Worthwhile academic degrees I would happily fund £9k per year for my children: Law, Medicine, Chemistry, History, Economics, PPE, French (or any other language), Classics, Physics, Geography, English, etc.
Worthwhile vocational degrees: Fashion and Design, Art, Engineering, Pharmacy, Nursing (although a degree should not be necessary), Teaching, Horticulture/Farming/Land Management, Architecture, etc..

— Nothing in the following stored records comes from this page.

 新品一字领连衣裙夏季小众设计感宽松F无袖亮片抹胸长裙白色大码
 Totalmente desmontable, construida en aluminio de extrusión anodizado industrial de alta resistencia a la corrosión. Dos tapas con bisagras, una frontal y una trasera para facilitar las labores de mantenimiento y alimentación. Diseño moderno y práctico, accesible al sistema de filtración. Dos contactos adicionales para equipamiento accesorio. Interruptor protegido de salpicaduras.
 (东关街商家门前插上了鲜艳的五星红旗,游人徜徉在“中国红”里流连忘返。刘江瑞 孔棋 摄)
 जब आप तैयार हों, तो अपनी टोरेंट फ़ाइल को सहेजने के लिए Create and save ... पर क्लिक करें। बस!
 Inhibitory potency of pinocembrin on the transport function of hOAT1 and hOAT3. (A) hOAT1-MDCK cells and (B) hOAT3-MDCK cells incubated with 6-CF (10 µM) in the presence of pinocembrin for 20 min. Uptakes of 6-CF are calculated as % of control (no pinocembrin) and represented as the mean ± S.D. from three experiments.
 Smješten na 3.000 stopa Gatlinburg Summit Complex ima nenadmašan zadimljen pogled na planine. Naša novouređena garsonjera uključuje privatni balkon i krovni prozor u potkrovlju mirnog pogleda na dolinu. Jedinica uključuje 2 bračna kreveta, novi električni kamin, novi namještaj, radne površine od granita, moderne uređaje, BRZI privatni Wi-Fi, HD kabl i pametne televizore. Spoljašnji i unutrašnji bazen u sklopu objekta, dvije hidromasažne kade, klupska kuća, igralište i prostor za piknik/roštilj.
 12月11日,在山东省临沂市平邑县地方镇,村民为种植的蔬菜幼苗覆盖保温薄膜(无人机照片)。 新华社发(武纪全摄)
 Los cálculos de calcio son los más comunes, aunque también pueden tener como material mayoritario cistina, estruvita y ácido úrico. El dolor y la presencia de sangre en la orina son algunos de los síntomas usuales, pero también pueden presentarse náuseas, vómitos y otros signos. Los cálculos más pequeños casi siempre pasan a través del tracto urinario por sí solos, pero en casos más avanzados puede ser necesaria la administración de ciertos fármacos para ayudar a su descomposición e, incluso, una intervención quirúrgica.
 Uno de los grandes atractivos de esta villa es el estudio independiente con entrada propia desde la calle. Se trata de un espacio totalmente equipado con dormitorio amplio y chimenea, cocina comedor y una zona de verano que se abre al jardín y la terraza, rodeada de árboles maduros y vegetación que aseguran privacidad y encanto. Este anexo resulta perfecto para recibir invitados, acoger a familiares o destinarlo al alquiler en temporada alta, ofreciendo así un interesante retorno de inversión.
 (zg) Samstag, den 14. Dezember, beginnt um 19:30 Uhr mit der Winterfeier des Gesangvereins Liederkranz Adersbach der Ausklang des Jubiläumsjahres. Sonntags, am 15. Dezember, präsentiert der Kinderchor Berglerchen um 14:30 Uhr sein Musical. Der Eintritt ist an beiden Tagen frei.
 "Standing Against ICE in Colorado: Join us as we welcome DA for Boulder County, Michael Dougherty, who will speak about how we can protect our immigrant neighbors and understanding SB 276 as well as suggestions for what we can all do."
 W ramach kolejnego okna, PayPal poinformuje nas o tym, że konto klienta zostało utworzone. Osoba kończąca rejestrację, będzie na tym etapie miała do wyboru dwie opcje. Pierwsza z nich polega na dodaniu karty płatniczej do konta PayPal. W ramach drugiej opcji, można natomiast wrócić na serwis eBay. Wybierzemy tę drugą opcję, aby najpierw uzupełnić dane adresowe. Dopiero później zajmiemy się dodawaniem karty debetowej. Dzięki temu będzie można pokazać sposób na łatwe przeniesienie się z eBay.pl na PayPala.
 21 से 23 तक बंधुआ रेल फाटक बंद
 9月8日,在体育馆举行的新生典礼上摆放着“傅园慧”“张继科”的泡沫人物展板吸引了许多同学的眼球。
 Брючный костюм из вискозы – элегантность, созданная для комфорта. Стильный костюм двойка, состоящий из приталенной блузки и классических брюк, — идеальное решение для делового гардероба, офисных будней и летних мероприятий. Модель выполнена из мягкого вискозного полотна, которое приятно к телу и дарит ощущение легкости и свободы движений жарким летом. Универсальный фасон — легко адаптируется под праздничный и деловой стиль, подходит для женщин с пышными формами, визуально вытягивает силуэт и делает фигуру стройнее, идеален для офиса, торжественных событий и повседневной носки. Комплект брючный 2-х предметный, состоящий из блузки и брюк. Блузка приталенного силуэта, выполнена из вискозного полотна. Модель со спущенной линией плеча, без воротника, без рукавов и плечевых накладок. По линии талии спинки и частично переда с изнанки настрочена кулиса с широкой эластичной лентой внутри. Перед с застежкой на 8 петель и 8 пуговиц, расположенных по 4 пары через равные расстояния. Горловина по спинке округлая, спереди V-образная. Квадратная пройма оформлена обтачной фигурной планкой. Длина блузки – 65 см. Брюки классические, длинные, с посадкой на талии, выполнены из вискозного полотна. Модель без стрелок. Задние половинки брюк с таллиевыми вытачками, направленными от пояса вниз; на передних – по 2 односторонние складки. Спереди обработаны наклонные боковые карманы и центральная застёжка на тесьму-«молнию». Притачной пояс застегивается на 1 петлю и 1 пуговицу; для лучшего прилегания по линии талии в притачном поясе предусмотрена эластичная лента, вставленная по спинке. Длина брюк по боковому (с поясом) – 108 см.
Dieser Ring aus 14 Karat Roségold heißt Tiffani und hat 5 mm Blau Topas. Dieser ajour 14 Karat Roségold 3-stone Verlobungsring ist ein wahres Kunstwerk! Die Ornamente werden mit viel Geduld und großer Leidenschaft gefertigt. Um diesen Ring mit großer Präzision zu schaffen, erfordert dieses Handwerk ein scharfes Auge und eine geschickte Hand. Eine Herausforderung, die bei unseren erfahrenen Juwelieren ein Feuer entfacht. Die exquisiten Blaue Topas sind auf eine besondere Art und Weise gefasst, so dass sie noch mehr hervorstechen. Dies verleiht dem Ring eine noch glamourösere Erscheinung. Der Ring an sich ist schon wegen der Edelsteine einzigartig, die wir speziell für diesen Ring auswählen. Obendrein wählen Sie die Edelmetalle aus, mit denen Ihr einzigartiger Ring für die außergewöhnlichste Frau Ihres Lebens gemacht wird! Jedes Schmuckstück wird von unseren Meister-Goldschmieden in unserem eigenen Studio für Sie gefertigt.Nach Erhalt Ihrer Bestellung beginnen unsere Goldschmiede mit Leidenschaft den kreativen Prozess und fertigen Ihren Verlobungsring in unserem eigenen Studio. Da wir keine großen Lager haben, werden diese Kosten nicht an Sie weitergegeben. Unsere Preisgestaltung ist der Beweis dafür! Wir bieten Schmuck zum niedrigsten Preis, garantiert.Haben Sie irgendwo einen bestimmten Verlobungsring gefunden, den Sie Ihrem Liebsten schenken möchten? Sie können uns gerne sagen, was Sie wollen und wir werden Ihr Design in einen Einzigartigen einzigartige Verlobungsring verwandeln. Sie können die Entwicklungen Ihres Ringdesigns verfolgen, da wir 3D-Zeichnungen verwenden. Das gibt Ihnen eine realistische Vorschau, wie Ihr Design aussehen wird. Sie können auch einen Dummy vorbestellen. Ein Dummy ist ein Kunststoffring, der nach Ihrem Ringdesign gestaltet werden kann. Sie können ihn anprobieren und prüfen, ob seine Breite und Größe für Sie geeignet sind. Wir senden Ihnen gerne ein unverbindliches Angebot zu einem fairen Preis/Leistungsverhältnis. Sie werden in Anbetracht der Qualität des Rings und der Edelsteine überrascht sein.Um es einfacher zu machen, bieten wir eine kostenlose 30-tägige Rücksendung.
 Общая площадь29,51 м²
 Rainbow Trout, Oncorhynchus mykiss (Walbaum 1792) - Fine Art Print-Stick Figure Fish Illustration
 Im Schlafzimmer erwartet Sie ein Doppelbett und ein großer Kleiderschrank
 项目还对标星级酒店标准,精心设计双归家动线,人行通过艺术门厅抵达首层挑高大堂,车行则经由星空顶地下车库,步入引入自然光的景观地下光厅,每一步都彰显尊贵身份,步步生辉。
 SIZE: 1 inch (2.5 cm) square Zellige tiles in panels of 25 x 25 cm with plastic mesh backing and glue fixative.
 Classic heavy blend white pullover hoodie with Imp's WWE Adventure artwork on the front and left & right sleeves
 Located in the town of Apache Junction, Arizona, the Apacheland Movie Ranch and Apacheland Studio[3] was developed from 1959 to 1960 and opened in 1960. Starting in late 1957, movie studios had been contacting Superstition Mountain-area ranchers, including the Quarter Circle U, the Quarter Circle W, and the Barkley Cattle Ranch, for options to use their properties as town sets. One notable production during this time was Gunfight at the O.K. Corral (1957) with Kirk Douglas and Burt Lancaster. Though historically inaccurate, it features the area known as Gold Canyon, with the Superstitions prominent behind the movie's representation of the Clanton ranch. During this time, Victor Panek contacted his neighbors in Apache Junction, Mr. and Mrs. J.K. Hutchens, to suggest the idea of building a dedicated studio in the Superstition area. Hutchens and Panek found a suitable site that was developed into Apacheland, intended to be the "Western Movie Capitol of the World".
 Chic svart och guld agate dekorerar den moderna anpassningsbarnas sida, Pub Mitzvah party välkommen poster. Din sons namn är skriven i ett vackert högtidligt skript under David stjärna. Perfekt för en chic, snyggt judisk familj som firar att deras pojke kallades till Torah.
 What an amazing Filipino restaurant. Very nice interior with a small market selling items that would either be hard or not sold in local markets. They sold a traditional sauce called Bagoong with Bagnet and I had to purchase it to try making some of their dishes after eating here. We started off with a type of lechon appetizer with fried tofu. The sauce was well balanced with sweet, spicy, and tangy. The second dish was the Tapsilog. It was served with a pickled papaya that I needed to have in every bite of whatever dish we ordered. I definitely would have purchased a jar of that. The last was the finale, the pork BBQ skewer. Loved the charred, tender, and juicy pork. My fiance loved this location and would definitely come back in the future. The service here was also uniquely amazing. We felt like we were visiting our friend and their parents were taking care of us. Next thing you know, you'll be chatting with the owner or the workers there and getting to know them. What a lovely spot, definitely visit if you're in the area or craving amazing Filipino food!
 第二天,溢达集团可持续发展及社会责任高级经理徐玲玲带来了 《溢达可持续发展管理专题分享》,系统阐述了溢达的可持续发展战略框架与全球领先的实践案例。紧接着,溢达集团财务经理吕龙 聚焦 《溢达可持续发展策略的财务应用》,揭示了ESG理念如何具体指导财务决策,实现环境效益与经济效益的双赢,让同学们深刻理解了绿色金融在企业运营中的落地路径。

Degrees I would refuse to fund for my DC: Media Studies, Film Studies, Sociology, Psychology (unless at one of very few elite universities), Human Resources, etc..
The lists are not exhaustive.
If a young person or adult is not intelligent enought to study for an academic degree at a university that has always been a university then in my respectful opinion they are barely worth the paper they are written on and many of those entering work with such degrees are not in my opinion as well rounded as good A'Level students thirty years ago.
No point having a degree at all if in a professional letter you use phrases such as "please telephone myself", "if you was considering the offer", and verbally "I aint going to", "they was late", etc., etc.. I don't care how many degrees a person has. If they cannot use the English language properly they are not well educated. The tragedy is that all too often they think are and five or ten years into their careers they wonder why they hit a glass ceiling.